-- Data for this task --
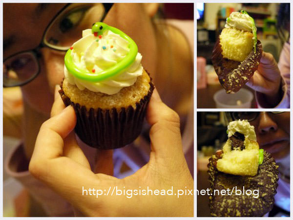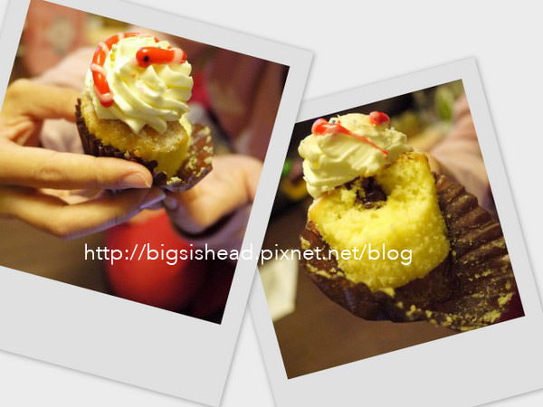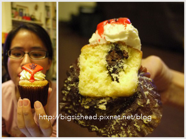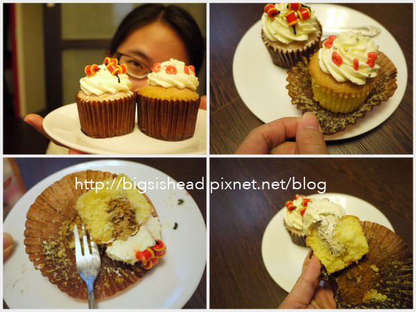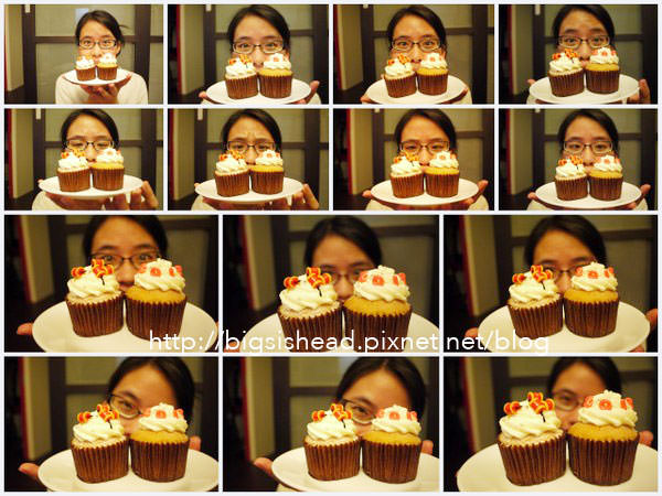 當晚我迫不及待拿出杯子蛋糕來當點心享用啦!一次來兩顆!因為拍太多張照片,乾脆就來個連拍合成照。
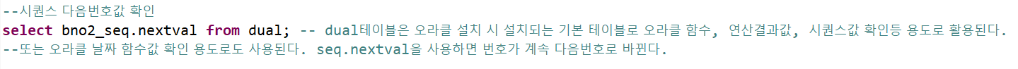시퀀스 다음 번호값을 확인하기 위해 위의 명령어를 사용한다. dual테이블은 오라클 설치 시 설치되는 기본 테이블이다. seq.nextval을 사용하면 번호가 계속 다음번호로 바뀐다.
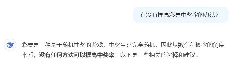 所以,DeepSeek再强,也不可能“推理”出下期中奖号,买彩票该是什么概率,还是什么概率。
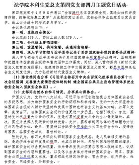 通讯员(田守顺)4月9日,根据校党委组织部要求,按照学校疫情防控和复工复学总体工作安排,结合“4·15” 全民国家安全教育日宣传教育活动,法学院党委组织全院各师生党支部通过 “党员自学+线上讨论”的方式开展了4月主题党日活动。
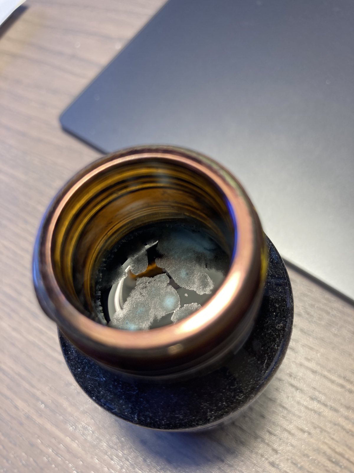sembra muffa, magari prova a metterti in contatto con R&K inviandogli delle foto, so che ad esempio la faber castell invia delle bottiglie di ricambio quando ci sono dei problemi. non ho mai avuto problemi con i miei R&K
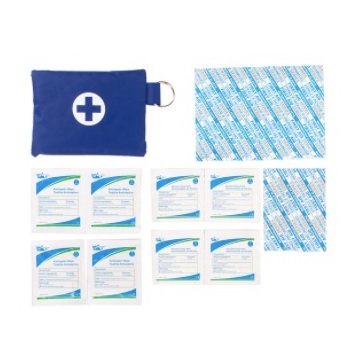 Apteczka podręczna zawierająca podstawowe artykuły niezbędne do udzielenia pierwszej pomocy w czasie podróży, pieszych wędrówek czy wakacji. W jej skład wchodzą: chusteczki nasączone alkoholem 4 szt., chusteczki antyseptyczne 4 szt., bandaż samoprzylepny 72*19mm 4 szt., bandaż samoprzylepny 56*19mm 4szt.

-- How to complete this task --
Each line from the one bearing "시퀀스 다음 번호값을" through the final line of the records is to be copied exactly, and no pictures are to be included.

-- Solution for this problem --
시퀀스 다음 번호값을 확인하기 위해 위의 명령어를 사용한다. dual테이블은 오라클 설치 시 설치되는 기본 테이블이다. seq.nextval을 사용하면 번호가 계속 다음번호로 바뀐다.
 所以,DeepSeek再强,也不可能“推理”出下期中奖号,买彩票该是什么概率,还是什么概率。
 通讯员(田守顺)4月9日,根据校党委组织部要求,按照学校疫情防控和复工复学总体工作安排,结合“4·15” 全民国家安全教育日宣传教育活动,法学院党委组织全院各师生党支部通过 “党员自学+线上讨论”的方式开展了4月主题党日活动。
sembra muffa, magari prova a metterti in contatto con R&K inviandogli delle foto, so che ad esempio la faber castell invia delle bottiglie di ricambio quando ci sono dei problemi. non ho mai avuto problemi con i miei R&K
 Apteczka podręczna zawierająca podstawowe artykuły niezbędne do udzielenia pierwszej pomocy w czasie podróży, pieszych wędrówek czy wakacji. W jej skład wchodzą: chusteczki nasączone alkoholem 4 szt., chusteczki antyseptyczne 4 szt., bandaż samoprzylepny 72*19mm 4 szt., bandaż samoprzylepny 56*19mm 4szt.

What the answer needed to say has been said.